2. Pegged Currencies Why do you think a country suddenly decides to peg its currency to the dollar or some other currency? When a currency is unable to maintain the peg, what do you think are the typical forces that break the peg?

Part 2: 1. Limitations of Covered Interest Arbitrage Assume that the 1-year U.S. interest rate is 11 percent, while the 1-year interest rate in Malaysia is 40 percent. Assume that a U.S. bank is willing to purchase the currency of that country from you 1 year from now at a discount of 13 percent. Would covered interest arbitrage be worth considering? Is there any reason why you should not attempt covered interest arbitrage in this situation? (Ignore tax effects.)

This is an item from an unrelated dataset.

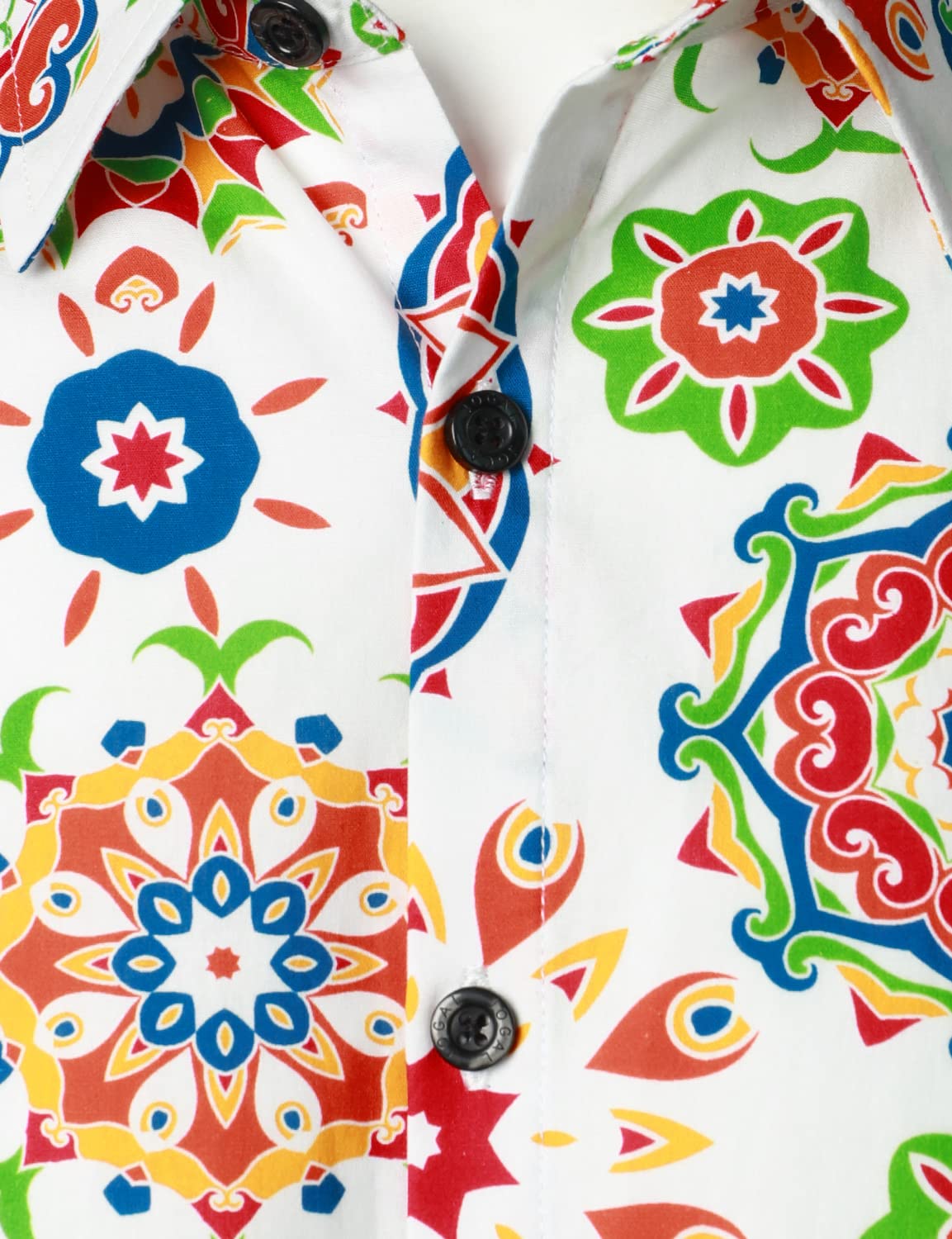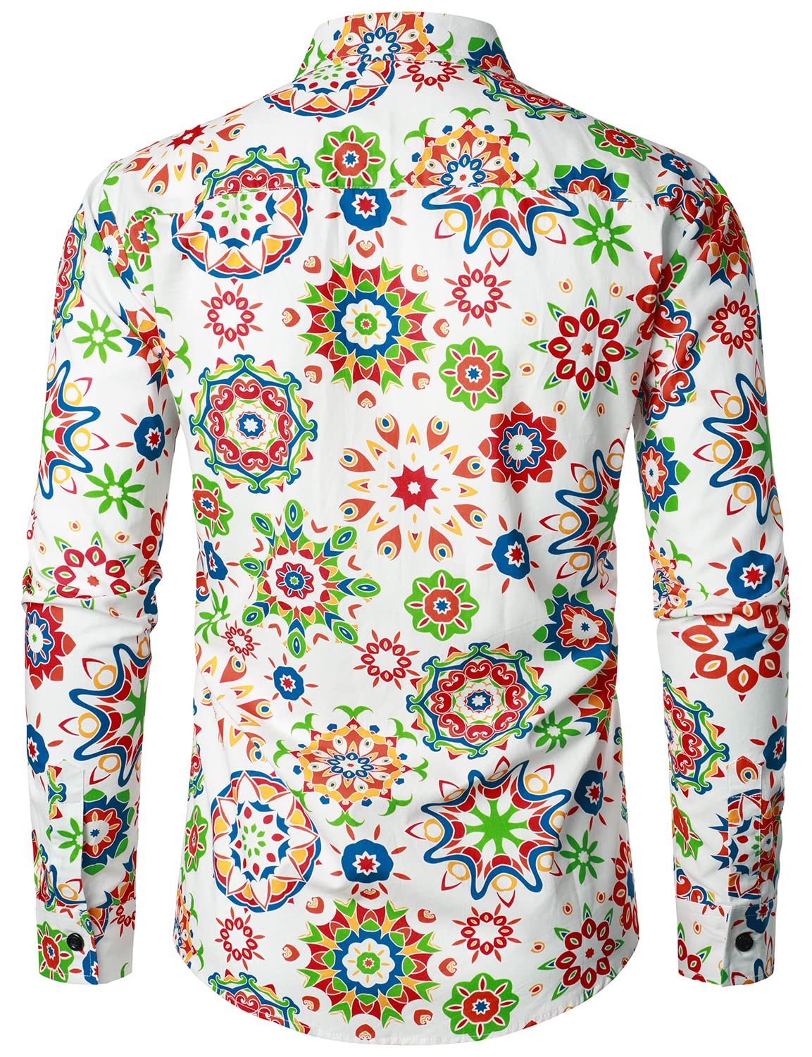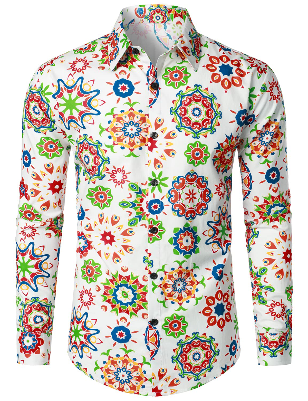 Herren Langarmhemd mit Blumenmuster und Knöpfen aus Baumwolle

2. Interpreting Changes in the Forward Premium Assume that interest rate parity holds. At the beginning of the month, the spot rate of the Canadian dollar is $.70, while the 1-year forward rate is $.68. Assume that U.S. interest rates increase steadily over the month. At the end of the month, the 1-year forward rate is higher than it was at the beginning of the month. Yet, the 1-year forward discount is larger (the 1-year premium is more negative) at the end of the month than it was at the beginning of the month. Explain how the relationship between the U.S. interest rate and the Canadian interest rate changed from the beginning of the month until the end of the month.